Amy has recently started her own company. She is also a Metalsmith
who makes politically-oriented jewelry from bullets she has found in
the mountains around Boulder. Amy recently relocated to Los Angeles,
and is pursuing commercial opportunities for her jewelry, in addition
to continuing environmental and social justice efforts.

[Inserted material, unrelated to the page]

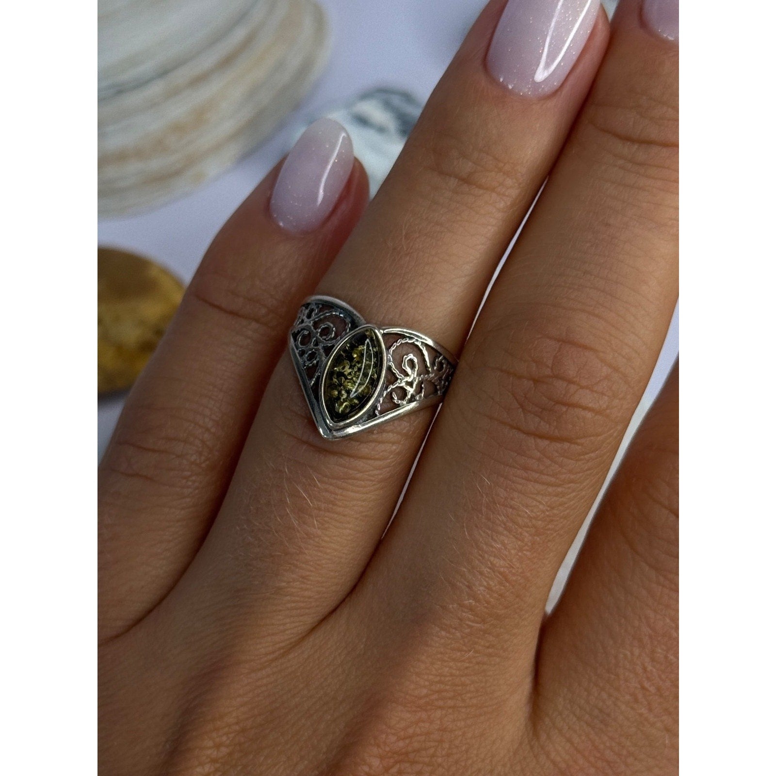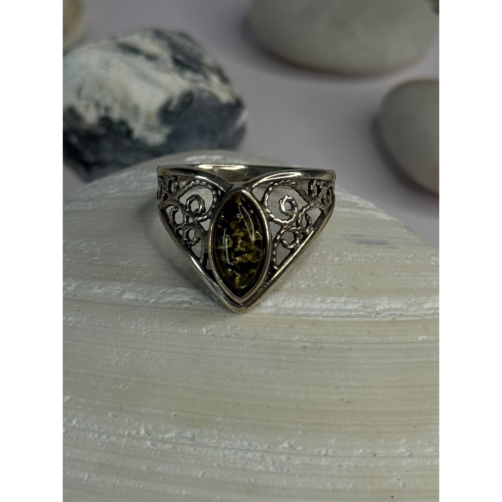Vintage Classy Design 925 Sterling Silver Amber Ring Size 6

Jacob Blumenfeld, 26, was born and raised in San Diego, California.
His mother passed away when he was 5 years old and he, along with his
brother and sister, were raised by their father. He went to a Jewish
school and then to Vassar College.

As a teenager and throughout college, Jacob became involved in
numerous social justice projects. After college, he became involved
in efforts for immigrant rights in San Diego, as well as projects
promoting independent media. Jacob now lives in Brooklyn, NY and is
pursuing his PhD in philosophy at the New School for Social Research.
He teaches philosophy and is still active in many social justice
projects in New York, such as the Regeneracion Childcare collective
and Jews Against the Occupation. This is the first nonviolent action
Jacob has taken related to Tibet, but has been aware of the situation in Tibet.

As a Jew whose grandparents survived the Holocaust, Jacob feels an
obligation to support the struggles of all peoples oppressed for
their racial, ethnic or national identities, from Palestine to
Chiapas to Tibet. The movement for a Free Tibet is part of a larger
struggle for freedom from occupation, and hence Jacob considers it
part of his struggle as well.

Liza Smith, 31, was born in Boulder, Colorado and grew up in the
Shambhala community -- with students of Trungpa Rinpoche – and was
raised practicing Tibetan Buddhism. She currently lives in Oakland,
CA where she works for the Fellowship of Reconciliation Colombia
Program. Liza has been active in human rights for Colombia for the
last 10 years. She has organized against US military aid to Colombia,
lead delegations of Americans to Colombia to accompany threatened
human rights leaders, and lived in Colombia.

Liza has benefitted greatly from the teachings of the Tibetan
Buddhist tradition and has taken action in China because she believes
in the global struggle for human rights and that all struggles to
live in peace, whether in the US, Colombia or Tibet, are deeply interconnected.

Samantha Corbin, 24, was born and raised in the Bronx, NY and
currently lives in Brooklyn, NY. She has worked as an environmental
and social justice activist and organizer in New York and Washington
DC for many years. Some of the campaigns she has been involved with
include advocating for the right of Appalachian residents who are
fighting the multi-national banks funding mountaintop removal coal mining.

Sam has worked with SFT as a volunteer and organizer and has also
served as a climb trainer at an SFT Free Tibet! Action Camp. Sam
traveled to China this summer to speak out in solidarity with
Tibetans inside Tibet and feels it is her responsibility as a person
who values justice to speak out at this critical time.